Para as empresas, a inclusão dos riscos psicossociais no Programa de Gerenciamento de Riscos Ocupacionais (GRO) poderá ser um grande complicador, caso não haja até a entrada em vigor desta obrigação (270 dias após a publicação da Portaria n.º 1.419/2024), a regulamentação de uma definição clara e precisa, por parte do Ministério do Trabalho e Emprego, do que de fato deverá ser considerado no GRO e quais são os seus limites dentro da esfera temática da segurança e saúde no trabalho.
A adaptação ao novo marco regulatório, entretanto, não é isenta de desafios não só por uma falta de uma maior clareza normativa.

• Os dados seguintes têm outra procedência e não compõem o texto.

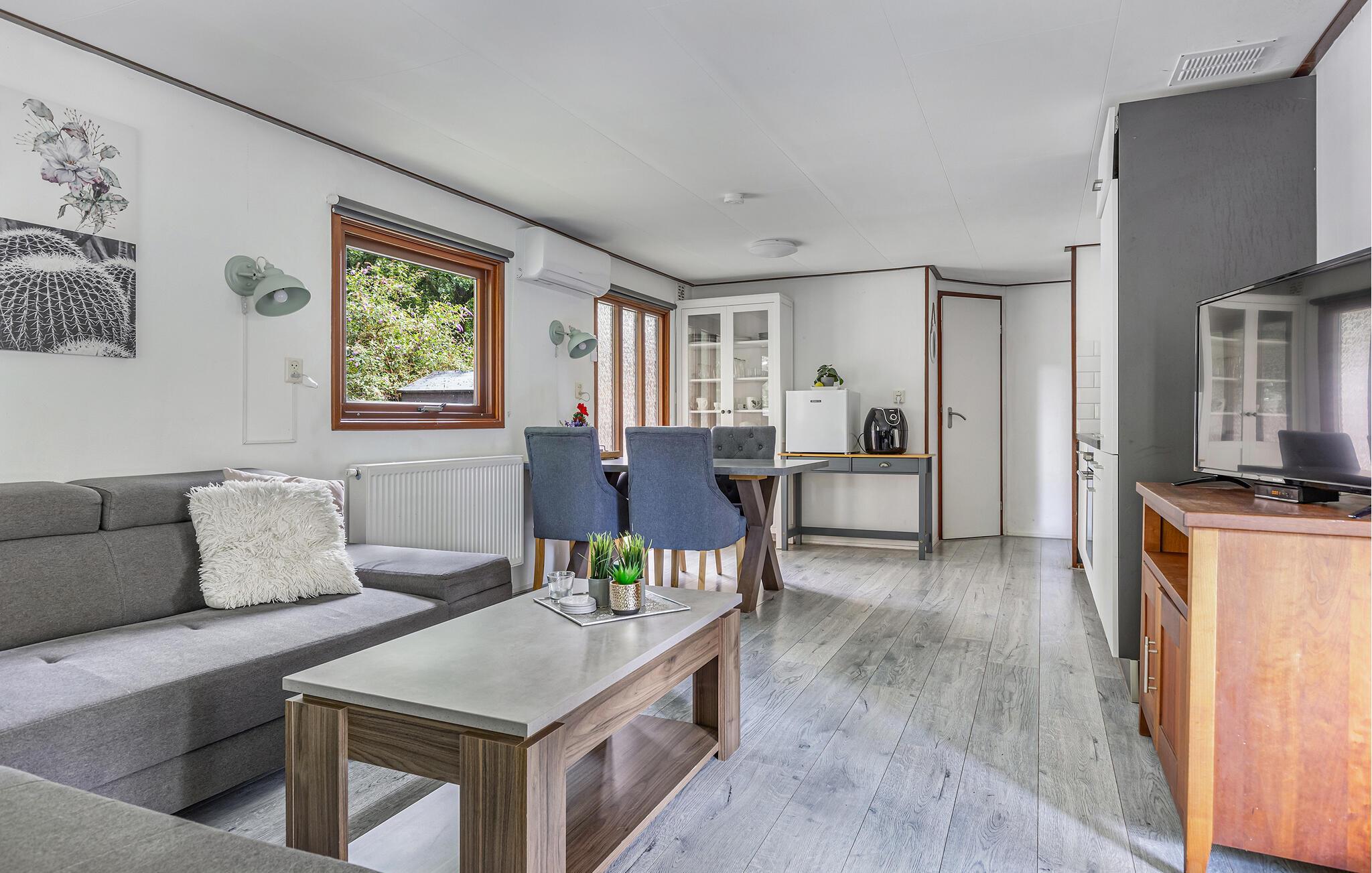 Verbringen Sie erholsame Tage in einem charmanten Ferienhaus mitten im Grünen und mit viel Komfort. Betreten Sie den hellen, liebevoll eingerichteten Wohnbereich mit großen Fenstern, gemütlichen Sofas. Die geschmackvolle Einrichtung in sanften Farben schafft eine freundliche und einladende Atmosphäre. Lehnen Sie sich zurück und lassen Sie den Blick ins Grüne schweifen. Essen Sie gemeinsam am schönen Esstisch oder nutzen Sie die angrenzende Küche zum gemeinsamen Kochlöffelschwingen.
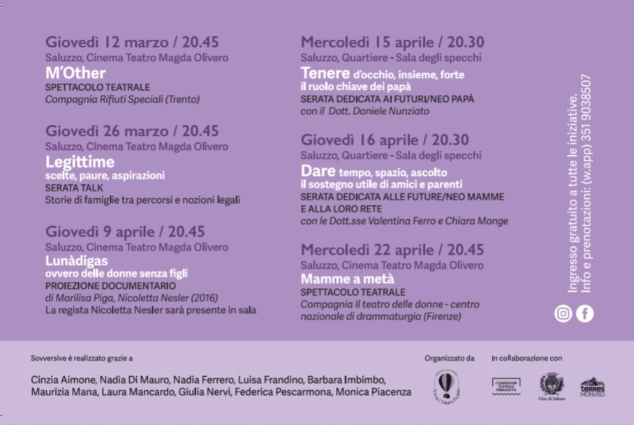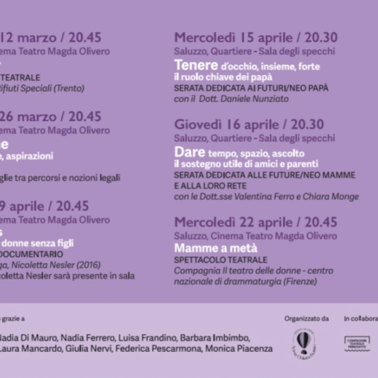 Giovedì 12 marzo alle ore 20.45 a Saluzzo, presso il Cinema Teatro Magda Olivero (via Palazzo di Città, 15), vi aspetta "M'Other" della Compagnia Rifiuti Speciali di Trento, uno spettacolo che analizza il senso di inadeguatezza legato al ruolo materno, e il delicato equilibro tra l'essere figlia e il diventare madre. L'evento è il primo della rassegna teatrale "Sovversive", quest'anno dedicata alla genitorialità come scelta consapevole. Ingresso gratuito, prenotazione tramite il sito Eventbrite.
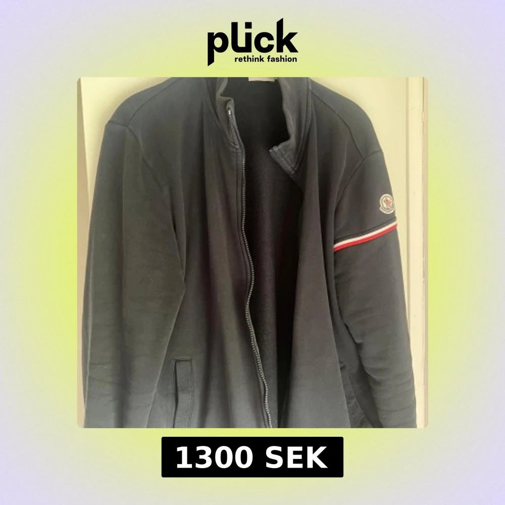 Marinblå jacka från Moncler med hög krage och hel dragkedja framtill. Klassisk Moncler-logga på ärmen och en rödvit randdetalj. Jackan har två fickor och är tillverkad i mjukt bomullsmaterial. Perfekt för dig som gillar stilren och sportig look. Använd men är i ett mycket bra skick! Pris tänker jag runt 1200-1300 men kan förhandlas! Storleken är XL men är som en L.
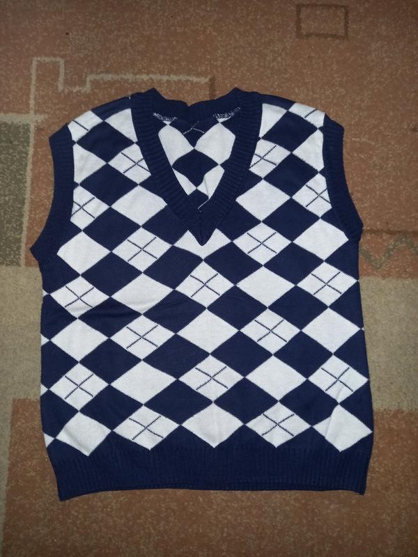 Теплая жилетка в ромб на 8-10 лет, рост 140-146 см
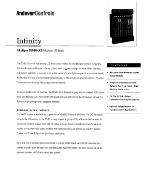 Datasheet for the Andover Controls DO-80-LED, published in 1997. Document No: DS-DO-80-LED-B, Rev: B. Models DO-80-LED, DIO 20 and CX 9400. Detailed technical specifications, electrical ratings, and agency listings.
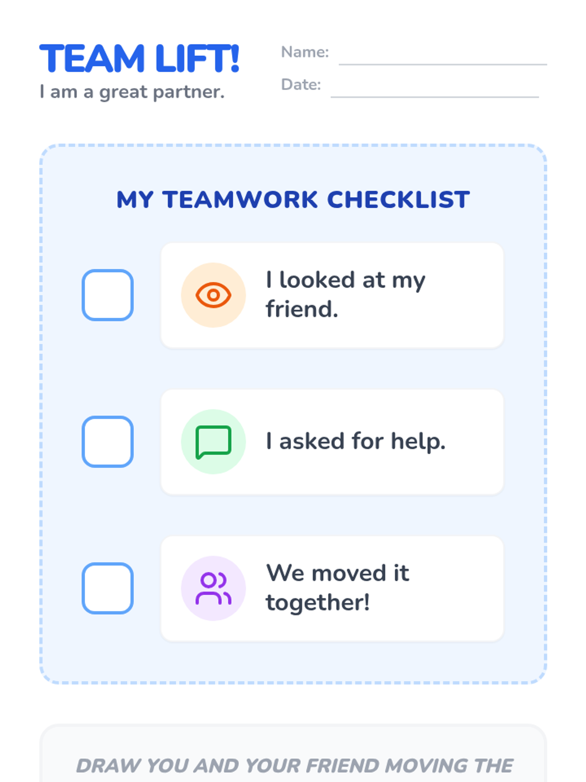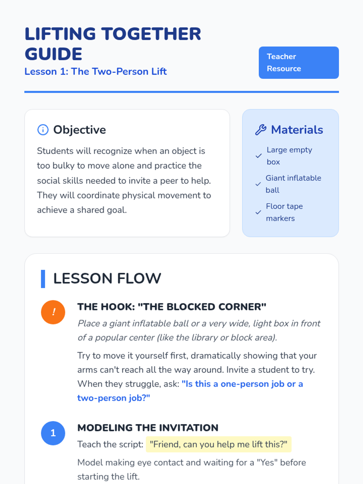 A Pre-K Special Education sequence focused on collaborative problem-solving. Students learn to work in pairs to overcome physical and communication-based obstacles through games, role-play, and hands-on tasks.

Muitas empresas ainda enfrentam dificuldades em reconhecer e mensurar os riscos psicossociais, dada a natureza subjetiva desses fatores. Além disso, é necessário investir em treinamentos específicos para gestores e líderes de equipe, para que possam identificar sinais de risco e intervir de forma adequada.

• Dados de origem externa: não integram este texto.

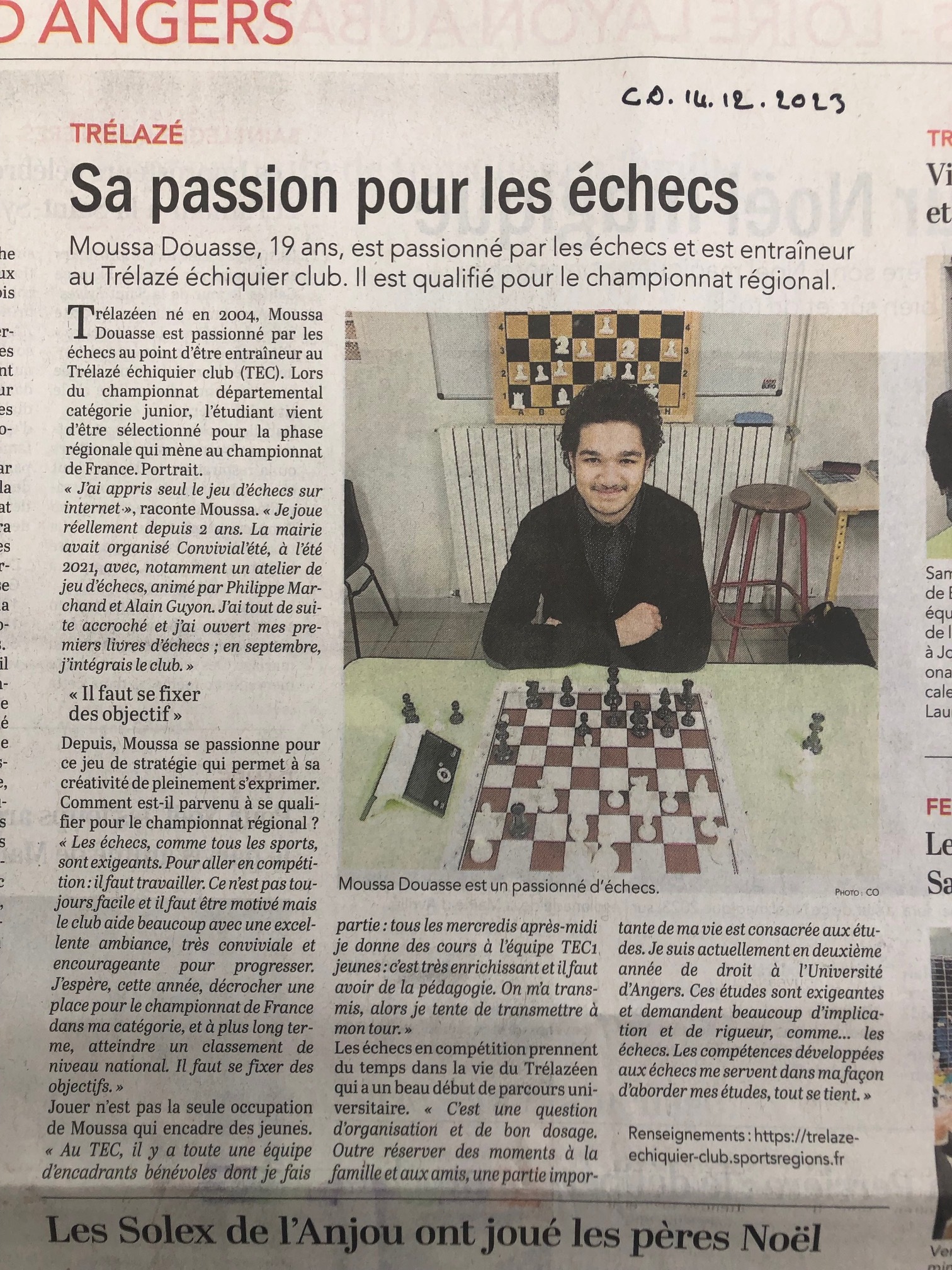 Télécharger l'image jpgArticle Courrier de l'Ouest du 14 décembre 2023. Interview Moussa Douasse

Visando minimizar os impactos que a inclusão dos riscos psicossociais pode ocasionar para a operacionalização por parte das empresas, sugerimos as seguintes estratégias:
– Mapeamento de Riscos e Diagnóstico Organizacional: Realizar um diagnóstico detalhado do ambiente de trabalho, identificando fatores de risco psicossocial presentes e mapeando áreas críticas. Este processo pode envolver pesquisas de clima organizacional, entrevistas, e análise de dados de saúde ocupacional;
– Promoção de uma Cultura de Saúde Mental: Implementar programas de bem-estar e saúde mental, como palestras, workshops e iniciativas de apoio psicológico. Promover um ambiente de comunicação aberta e segura também é essencial para que os funcionários se sintam confortáveis em relatar problemas;
– Revisão de Políticas de Recursos Humanos: Revisar e atualizar as políticas de recursos humanos para incluir práticas de gestão que minimizem o estresse ocupacional, como políticas de trabalho flexível, práticas de reconhecimento e valorização, e suporte a colaboradores em situações de crise.
O certo, e o mais seguro neste momento, é que, até que o Ministério do Trabalho e Emprego venha a detalhar por meio de um guia ou mesmo, notas técnicas expedidas pela Secretária de Inspeção do Trabalho (SIT), qual será o verdadeiro alcance da inclusão dos riscos psicossociais na NR 01, a abordagem preventiva deve ser vista como um investimento estratégico de longo prazo, com potencial para gerar retorno positivo em múltiplas frentes – do bem-estar dos funcionários à segurança jurídica para as empresas.